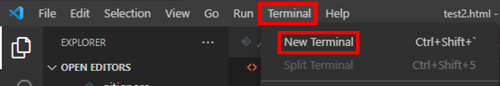 1. VS Code๋ฅผ ์คํ ํ, Terminal ํญ > New Terminal ํด๋ฆญ
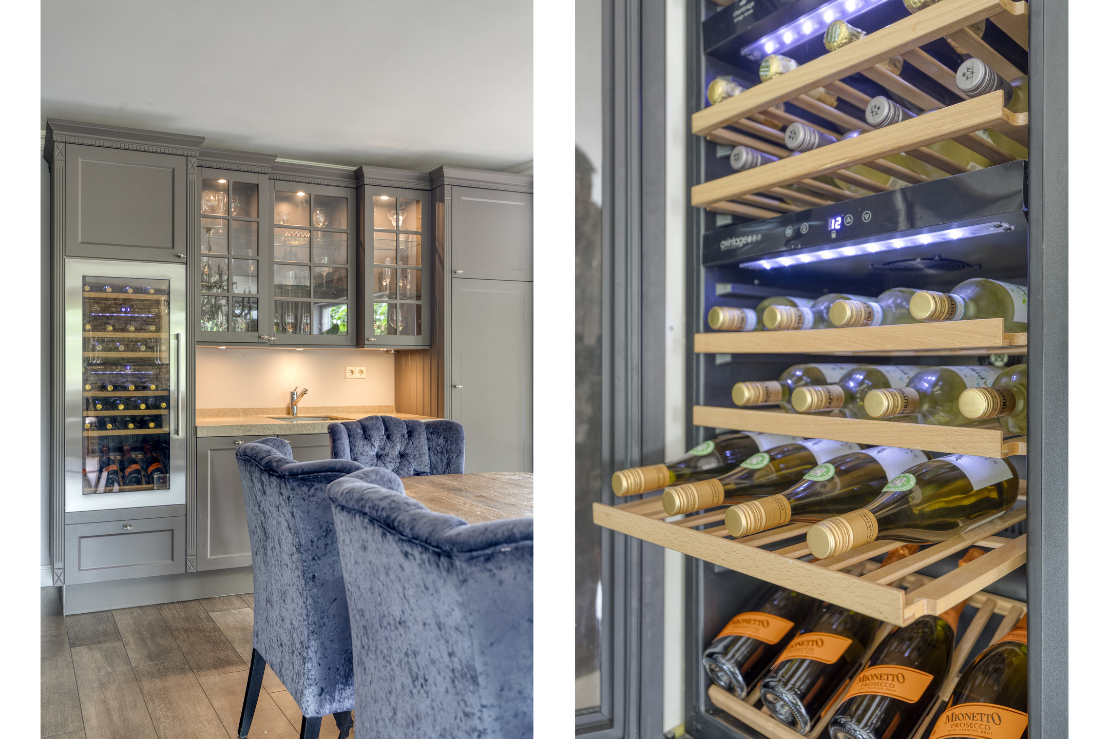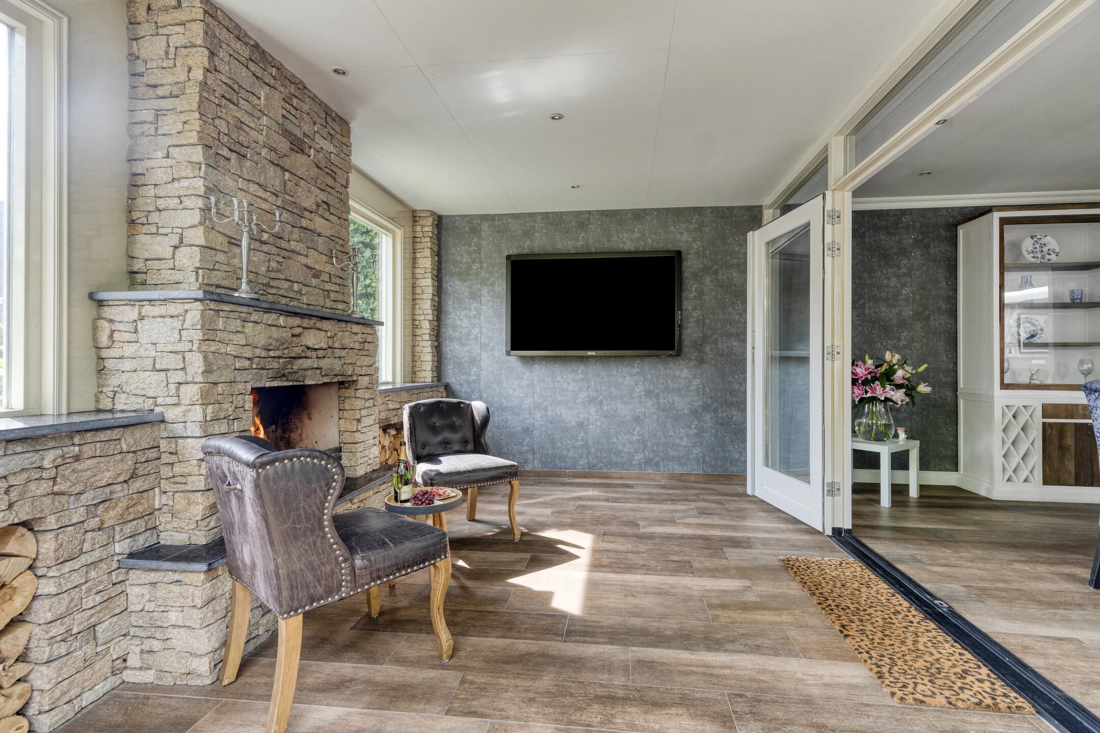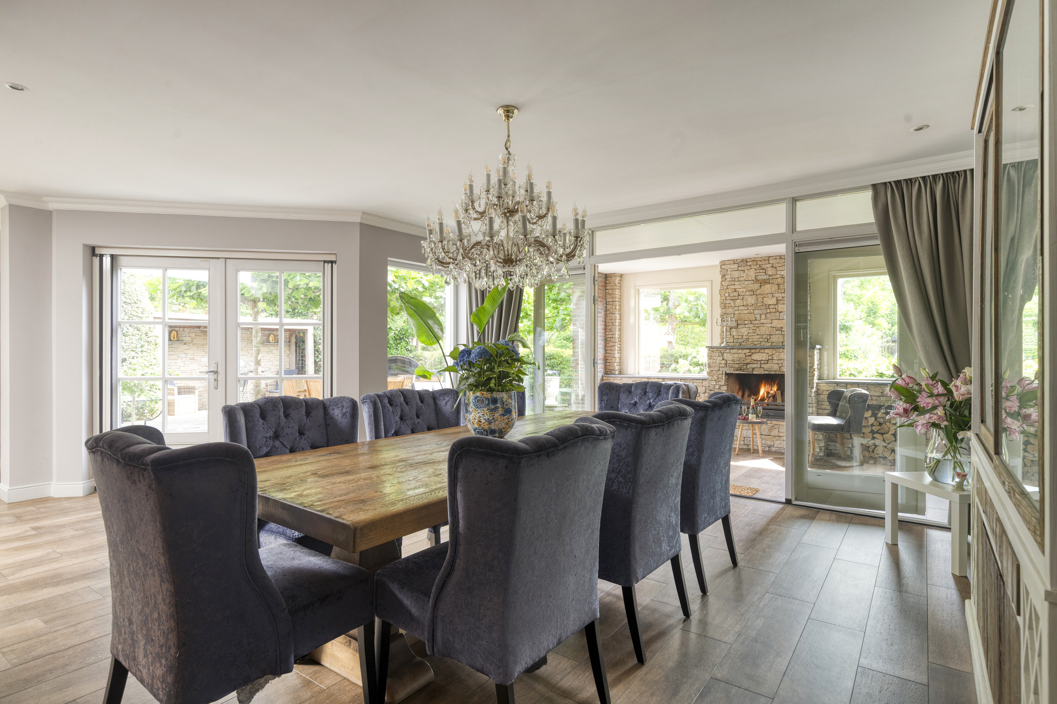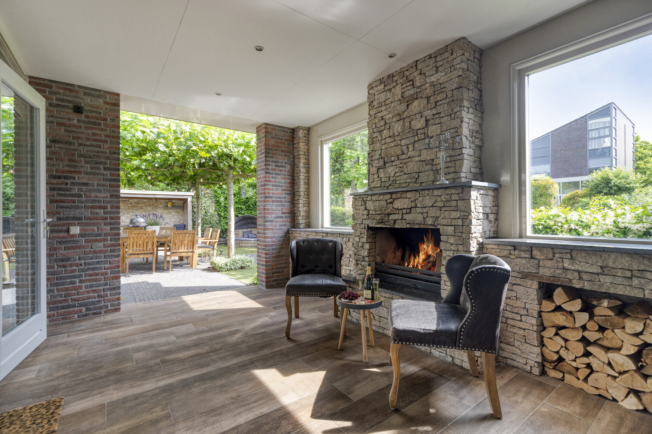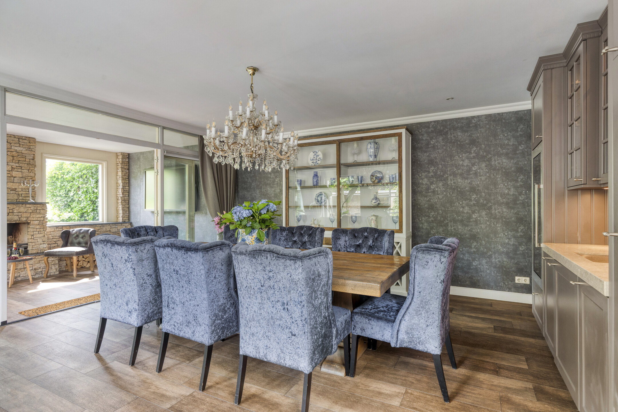 Adjacent to the kitchen is the dining area, which features an additional kitchenette with an extra fridge and a wine climate cabinet. From the dining area, French doors lead to the veranda with fireplace, and another door provides access to the garage. French doors also open to the backyard.
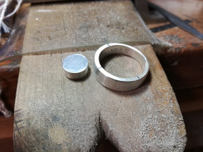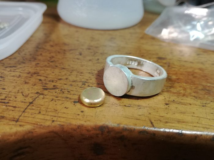 イニシャルが入る金のパーツとなる部分の地金も溶かして成形していきます。
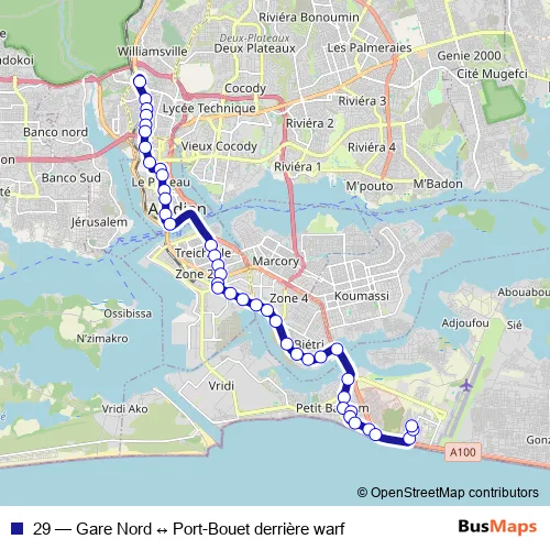Bus 29 - Gare Nord ↔ Port-Bouet derrière warf Schedule in Abidjan

------------------------------------

Take the line with "Adjacent to the" and every line after it through the end of the data, and write only them out exactly, leaving out the pictures.

**Exercise response**
 Adjacent to the kitchen is the dining area, which features an additional kitchenette with an extra fridge and a wine climate cabinet. From the dining area, French doors lead to the veranda with fireplace, and another door provides access to the garage. French doors also open to the backyard.
 イニシャルが入る金のパーツとなる部分の地金も溶かして成形していきます。
Bus 29 - Gare Nord ↔ Port-Bouet derrière warf Schedule in Abidjan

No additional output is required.